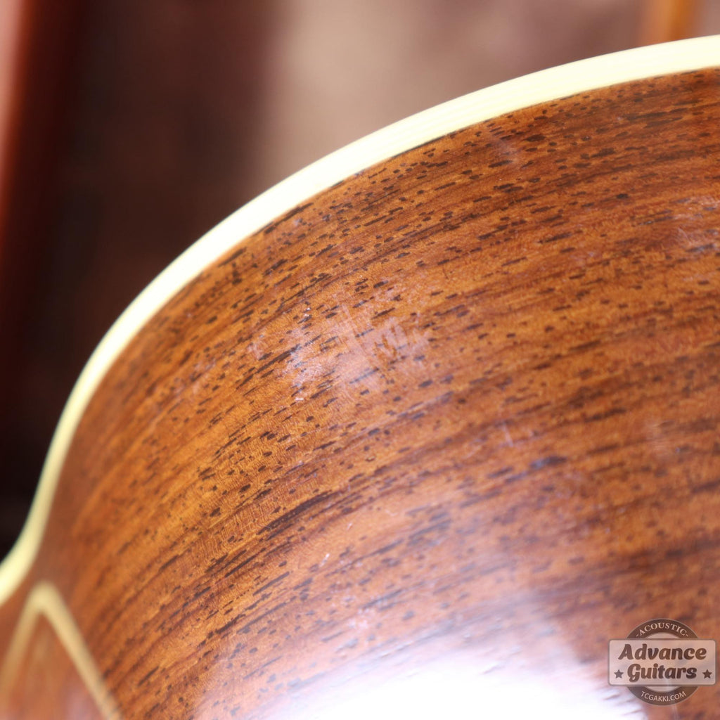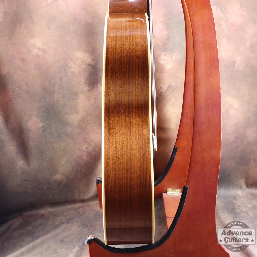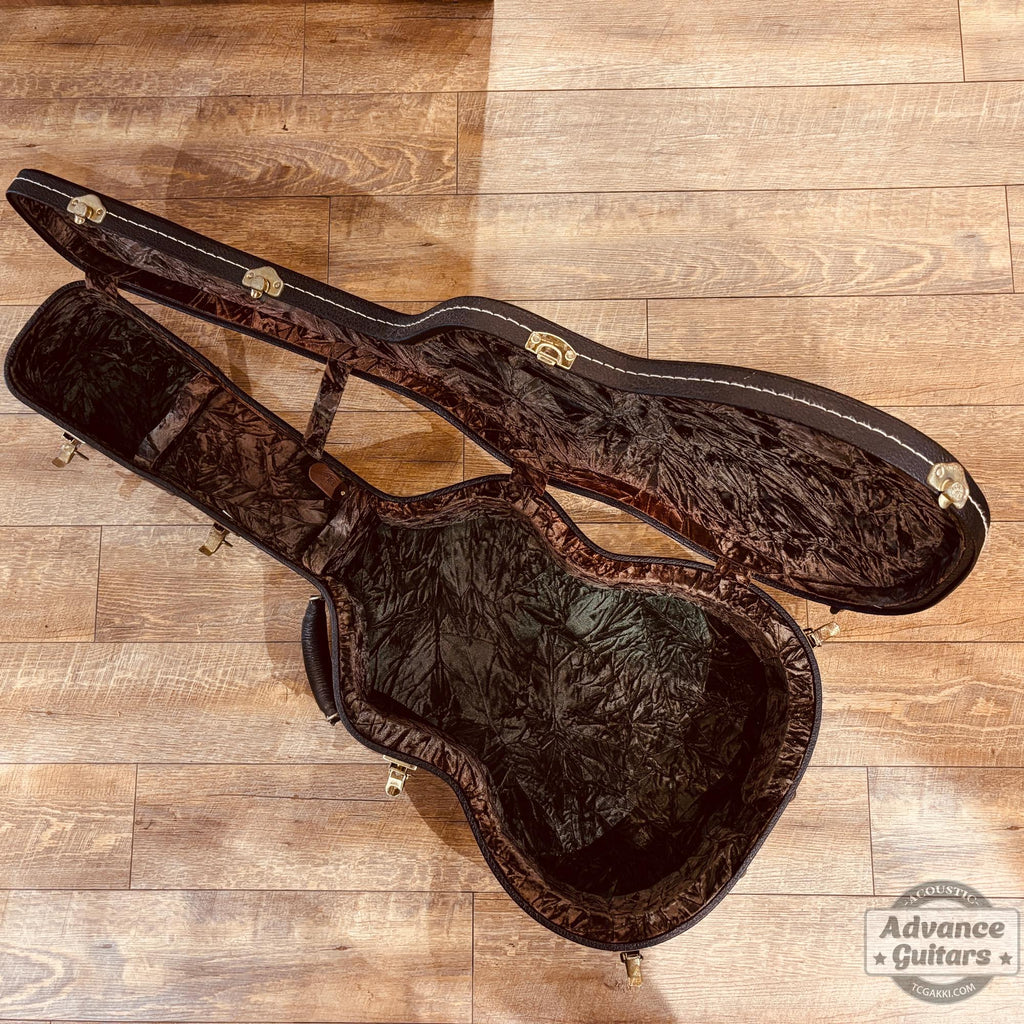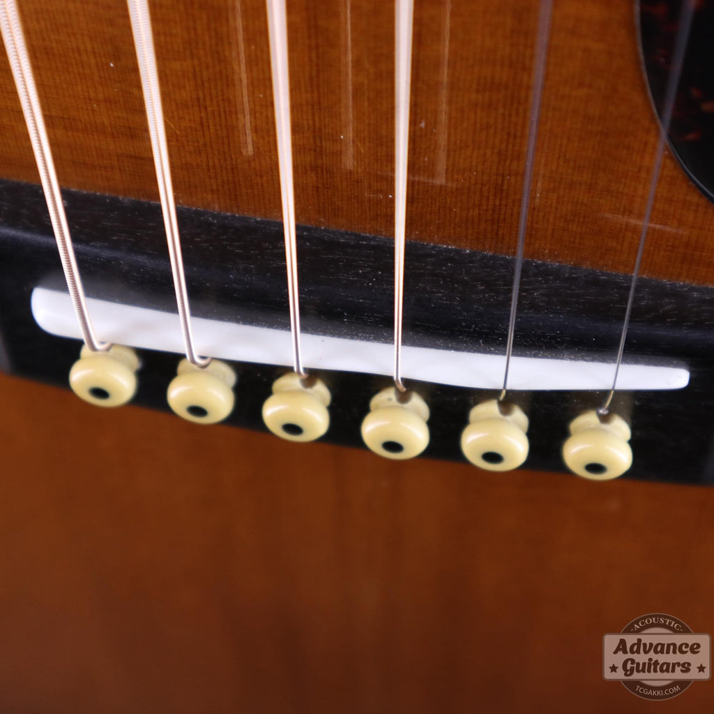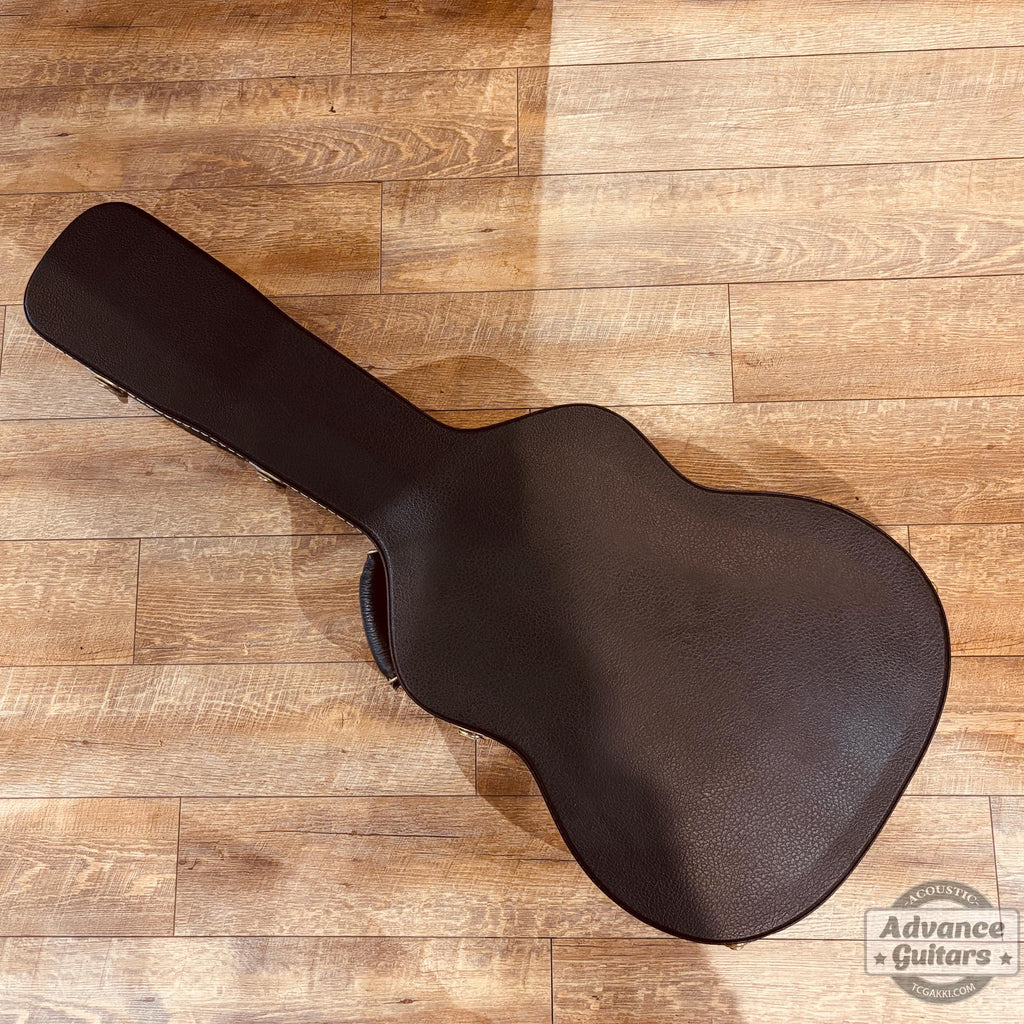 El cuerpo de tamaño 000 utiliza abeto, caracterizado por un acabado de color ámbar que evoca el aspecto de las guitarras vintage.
--
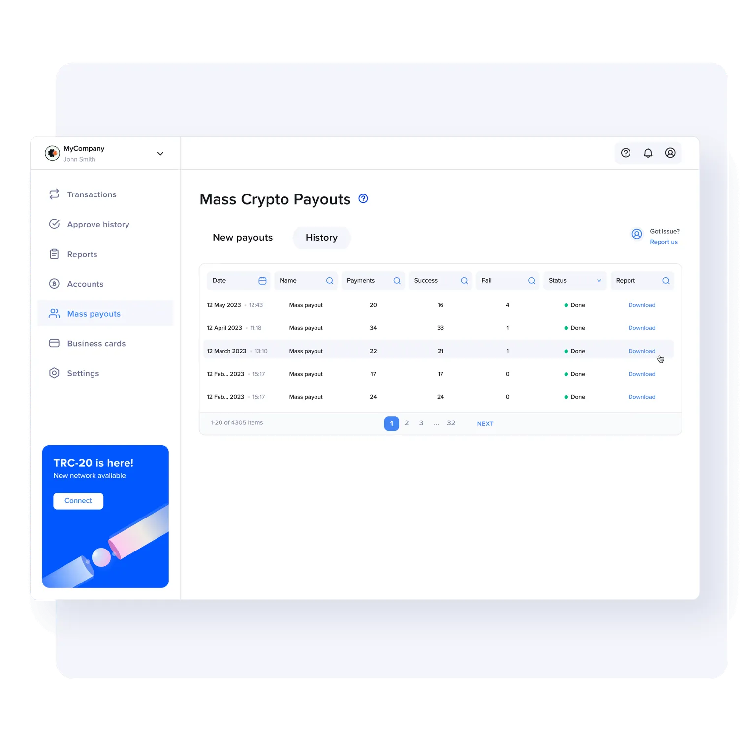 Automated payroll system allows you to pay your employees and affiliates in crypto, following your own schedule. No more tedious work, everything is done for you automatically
---
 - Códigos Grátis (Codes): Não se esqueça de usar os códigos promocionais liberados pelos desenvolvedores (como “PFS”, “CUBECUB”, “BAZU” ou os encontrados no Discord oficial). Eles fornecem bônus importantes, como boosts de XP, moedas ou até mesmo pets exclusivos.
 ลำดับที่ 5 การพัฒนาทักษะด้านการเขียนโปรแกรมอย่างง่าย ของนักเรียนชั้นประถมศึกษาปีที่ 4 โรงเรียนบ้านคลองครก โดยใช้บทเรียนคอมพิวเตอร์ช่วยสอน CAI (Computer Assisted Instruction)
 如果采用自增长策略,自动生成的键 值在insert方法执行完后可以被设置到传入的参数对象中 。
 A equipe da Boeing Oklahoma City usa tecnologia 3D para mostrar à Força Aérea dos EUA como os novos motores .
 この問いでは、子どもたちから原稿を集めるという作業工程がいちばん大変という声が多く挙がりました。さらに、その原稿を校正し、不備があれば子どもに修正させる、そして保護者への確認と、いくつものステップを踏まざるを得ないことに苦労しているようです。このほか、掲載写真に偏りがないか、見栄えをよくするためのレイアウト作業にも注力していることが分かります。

### Problem statement
From the entries above, write out only the lines starting at the line that holds "- Códigos Grátis" and ending at the line that holds "この問いでは、子どもたちから", keeping both and matching them exactly.

### Output for this exercise
 - Códigos Grátis (Codes): Não se esqueça de usar os códigos promocionais liberados pelos desenvolvedores (como “PFS”, “CUBECUB”, “BAZU” ou os encontrados no Discord oficial). Eles fornecem bônus importantes, como boosts de XP, moedas ou até mesmo pets exclusivos.
 ลำดับที่ 5 การพัฒนาทักษะด้านการเขียนโปรแกรมอย่างง่าย ของนักเรียนชั้นประถมศึกษาปีที่ 4 โรงเรียนบ้านคลองครก โดยใช้บทเรียนคอมพิวเตอร์ช่วยสอน CAI (Computer Assisted Instruction)
 如果采用自增长策略,自动生成的键 值在insert方法执行完后可以被设置到传入的参数对象中 。
 A equipe da Boeing Oklahoma City usa tecnologia 3D para mostrar à Força Aérea dos EUA como os novos motores .
 この問いでは、子どもたちから原稿を集めるという作業工程がいちばん大変という声が多く挙がりました。さらに、その原稿を校正し、不備があれば子どもに修正させる、そして保護者への確認と、いくつものステップを踏まざるを得ないことに苦労しているようです。このほか、掲載写真に偏りがないか、見栄えをよくするためのレイアウト作業にも注力していることが分かります。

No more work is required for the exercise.